I’m going to break down Maisano’s article into three parts: its solid political and historical core, its weak tactical and agitational recommendations, and the theoretical question about the relationship between democracy and the class struggle suggested in the title.

Like Ackerman, Maisano lists the many ways in which the Constitution violates the basic democratic principle of one person, one equal vote, but Maisano goes further and places the problem of democracy in a larger historical and international context. Urging the DSA to “develop a national political platform that includes a call for the establishment of a truly democratic republic for the first time in our country’s history,” Maisano emphasizes that the demand for a democratic republic has been at the center of working-class and socialist movements from the start, beginning with the U. S. Workingmen’s Party and the Chartists in the 1820s and ’30s, continuing in the work of Marx and Engels, and finally becoming the primary political demand of pre-WWI European Social Democracy and the U. S. Socialist Party.  He ends with the assertion that the democratic republic is “the framework in which the transition from capitalist oligarchy to democratic socialism will eventually be achieved.”
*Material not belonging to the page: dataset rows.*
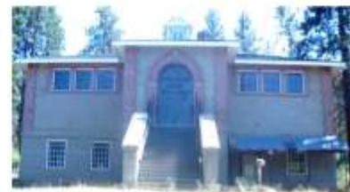
Right: The historic schoolhouse today
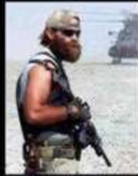
What strangers think I do
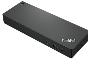
ThinkPad Universal Thunderbolt™ 4 Dock
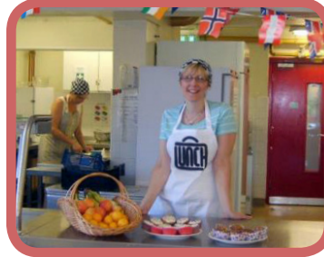
Volunteers getting ready

So far, so good. Maisano has outlined the classic Marxist conception of the relationship between winning the battle for democracy and the transition to socialism. The next question is what tactics and forms of political agitation the demand for a democratic republic calls for. Here Maisano abandons any reference to how working-class and socialist movements fought for democracy in the past and shifts to a legalist constitutionally loyal framework, concluding that “Given the egregiously high barriers to calling a constitutional convention or amending the current constitution, a demand for a wholly new constitution would be utopian.”  Not surprisingly, this statement triggered criticisms that Maisano was giving up the fight for democracy before it had even begun. Tim Horras in particular zeroed in on this statement as proof that “the reformists turn back before even reaching the limited horizon of bourgeois legality.”3  

However, Horras’s criticism of Maisano’s tactical timidity, unfortunately, did not include a reassertion of the political centrality of the goal of a democratic republic. To be sure, Horras agreed with Maisano that the U. S. political system is undemocratic, but for Horras this lack of democracy is just one more reason to begin to prepare immediately for armed insurrection and socialist revolution. Maisano responded that Horras’s insurrectionist strategy would lead only to the left’s political isolation. To avoid isolation, Maisano argued4 that participation in elections should be the primary focus of socialist political activity in “a formal democracy like the U. S.”  Now, notice the funny thing that has happened in the course of this back and forth: the demand for a democratic republic has dropped out of the picture. What started out as a promise by Maisano to explore the relationship between the Constitution and the class struggle ended up with Maisano falling back into calling the U.S. a democracy and forgetting about the democratic republic. I think Maisano’s original promise to discuss the relationship between the Constitution and the class struggle is too important to let go.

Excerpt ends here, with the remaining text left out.